– Это тот уникальный случай, когда невозможно – да, пожалуй, уже и не нужно – провести четкую границу между архитектурой и поэзией, – сказал сэр Шурф, ради совместного любования отделочными работами отменивший ежевечернюю порку Старших Магистров или какие там еще бывают ужасающие Орденские таинства, о которых непосвященным лучше ничего не знать.
А может быть, это не он сказал, а я сам подумал. Поскольку в людных местах нам обоим лучше появляться невидимыми и пользоваться Безмолвной речью, иногда довольно трудно бывает отличить чужую реплику от собственной мысли. И это придает разговору приятный привкус безумия – легкого, необременительного и безопасного, благо прекратить его можно в любой момент.
Впрочем, я и без того был слегка не в себе, потому что представшее нашим глазам зрелище превосходило мои самые смелые представления о красивых зданиях. И еще потому, что я хорошо помнил, как впервые оказался в Ехо, и как потом вернулся сюда после долгого перерыва, и оба раза совершенно одинаково думал, что прекрасней этого города ничего быть не может, а оказалось – еще как может. Вот прямо сейчас, у меня на глазах город становился прекрасней былого себя.
Но больше всего меня изумляло, что я сам отчасти стал тому причиной. Очень странное ощущение: смотреть на парящие над землей рукотворные призрачные дворцы и осознавать, что без твоих корявых эскизов ничего бы не было. Я испытывал по этому поводу не столько гордость, сколько растерянную благодарность судьбе за такой неожиданный подарок. И долго еще потом думал: «Как же мне повезло сделать в это свой вклад!»
– На каком-то этапе я даже испугался, – признался Малдо Йоз, которого мы в отместку за свое утраченное душевное равновесие подвергли временному отстранению от работы с последующим размещением на крыше Мохнатого дома и насильственным нанесением грубых восхвалений. Впрочем, художники обычно довольно легко переносят восхваления, даже самые грубые, особенно если к ним прилагаются всякие интересные напитки, так что гений не особо от нас пострадал.

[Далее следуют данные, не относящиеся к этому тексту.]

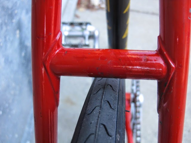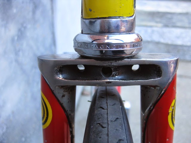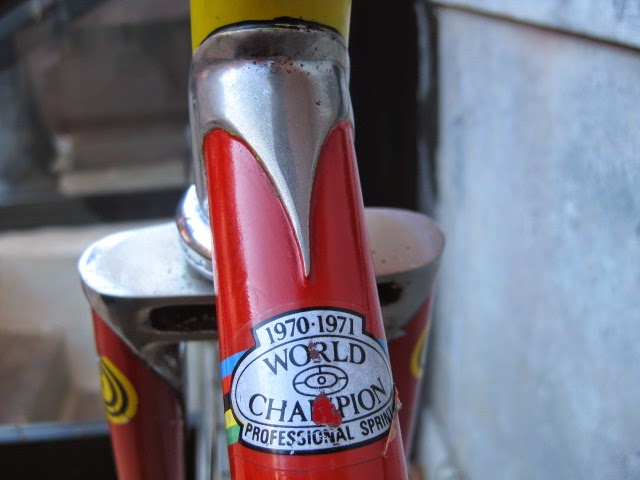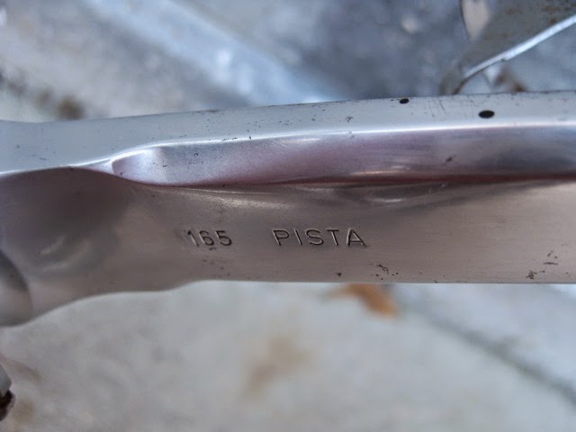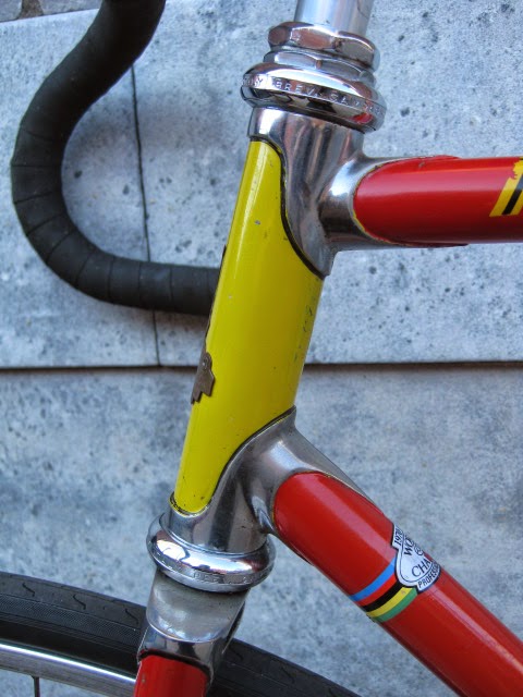 These are some of my favorite pista bikes. I always loved the fork crown and the drilled rear drop outs. Great color scheme as well. The head lugs are nicely filed with long thin points and the BB shell has the nice long reinforcing tangs. I believe this is built with Reynolds 531 tubing as 753 was not available untill 76′ and it takes a 27.2 seat post and most older 753 tube sets used 27.4. Plus it feels heavy like a 531 built frame. Overall great machine and great owner. Happy to help out!

– Чего именно вы испугались? – строго спросил Шурф. Он буквально светился готовностью прочитать Малдо столько душеполезных лекций о мужестве, необходимом всякому большому художнику, сколько понадобится, чтобы окончательно и бесповоротно его вразумить.

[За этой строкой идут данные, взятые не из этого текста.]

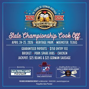 Register for the BBQ Cook-off at jwworksllc@gmail.com or 940-902-1655

– Впервые за все время всерьез задумался, будут ли мои постройки хотя бы такими же долговечными, как обычные каменные и кирпичные дома. Вроде бы никаких причин сомневаться в их прочности у меня нет, но я все равно испугался: а вдруг этот дворец однажды просто возьмет и исчезнет? Станет истлевшей грудой хлама, который я в него превращал. Было бы очень жалко.
– Насколько мне известно, материальные объекты, созданные с применением Очевидной магии, можно считать даже более долговечными, чем обычные вещи. Причем я говорю «более долговечными», только потому, что называть их «вечными» мне не позволяет потребность всегда оставаться точным в высказываниях. Ученые до сих пор спорят, можно ли считать вечной хотя бы саму Вселенную, и я пока не определился, какую из сторон следует поддерживать в этой дискуссии, потому что аргументы обеих довольно остроумны, но недостаточно убедительны для меня.

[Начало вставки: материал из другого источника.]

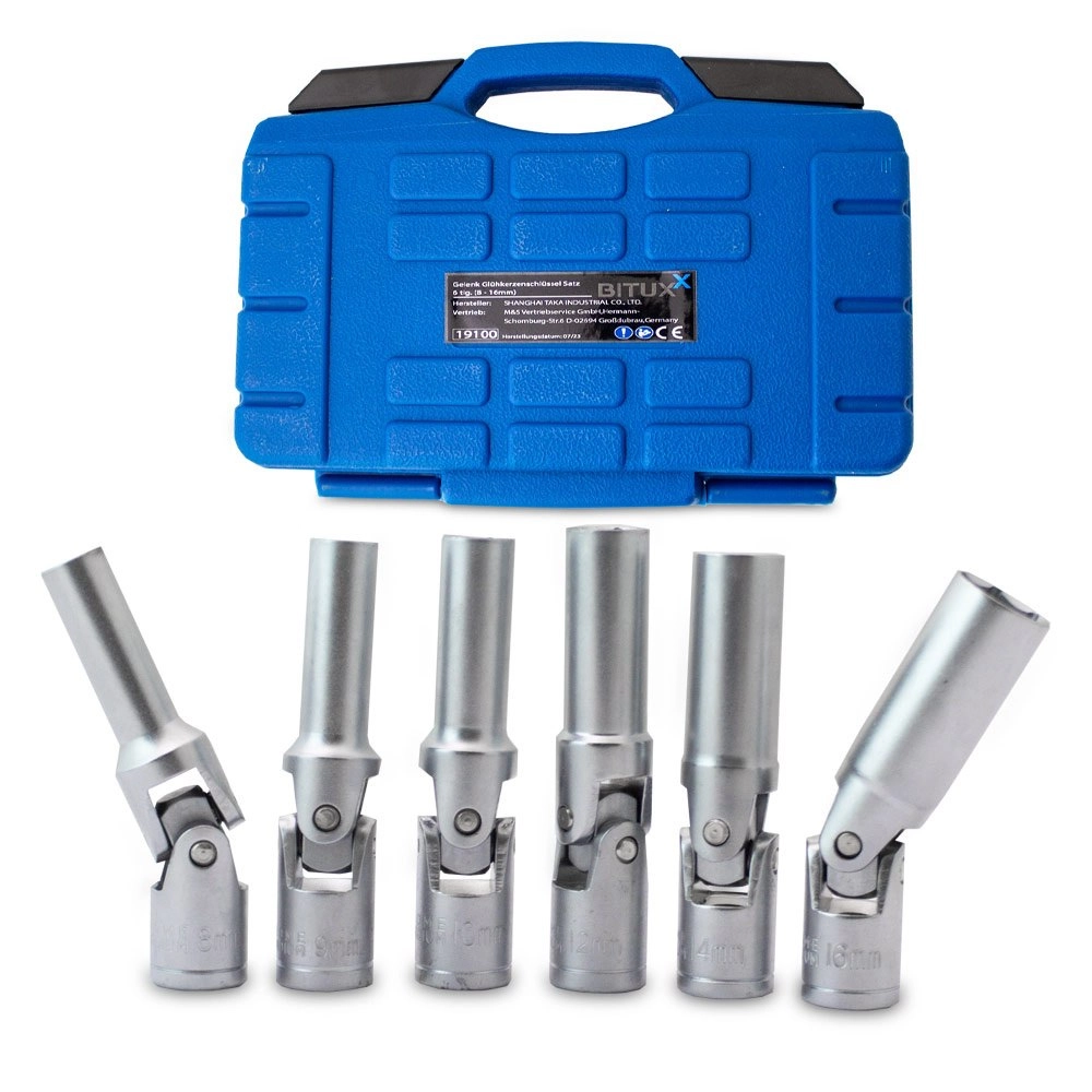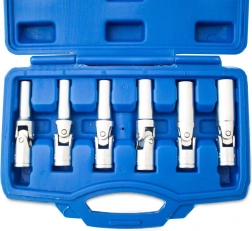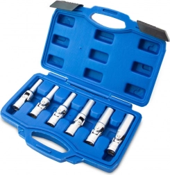Ten wysokiej jakości zestaw kluczy do świec żarowych zawiera wszystko, czego potrzebujesz do szybkiej i bezpiecznej wymiany. Dzięki przegubowym nasadkom z łatwością dotrzesz także do wąskich przestrzeni komory silnika, a praktyczny kufer utrzyma wszystko w przejrzystym porządku. Materiał z stali chromowo‑wanadowej (CrV) gwarantuje długą żywotność i odporność na zużycie.

Вот теперь я совершенно точно не перепутал бы слова Шурфа с собственными мыслями, даже если бы он по-прежнему оставался невидимым и пользовался Безмолвной речью. Потому что к таким сияющим вершинам занудства мне вовек не вознестись. Да он и сам далеко не каждый день так блистает, прошли те времена. Но сейчас, надо думать, способности моего друга обострил культурный шок.
Меня же культурный шок вверг в такое блаженное молчаливое оцепенение, что эти двое, хоть и были увлечены разговором, периодически косились на меня с явной тревогой: ты вообще еще жив? Я только вяло отмахивался: ловите свою удачу, пользуйтесь случаем, когда еще я вам за один вечер столько намолчу.
– Теорию-то я знаю назубок, – сказал Шурфу Малдо. – И согласно этой теории, все мои постройки должны простоять до конца времен, если не применять к ним специальной разрушающей магии, что по счастью, довольно непросто и строжайше запрещено законом. Так что мой страх абсолютно иррационален, в этом я отдаю себе отчет. Говорят, некоторые люди точно так же боятся за своих совершенно здоровых детей, возлюбленных и друзей: а вдруг случится несчастье? А вдруг прямо завтра заболеет? А вдруг всего через какие-то несчастные триста лет умрет? Чокнулся я совсем с этим дворцом, вот что. И ничего поделать с собой не могу.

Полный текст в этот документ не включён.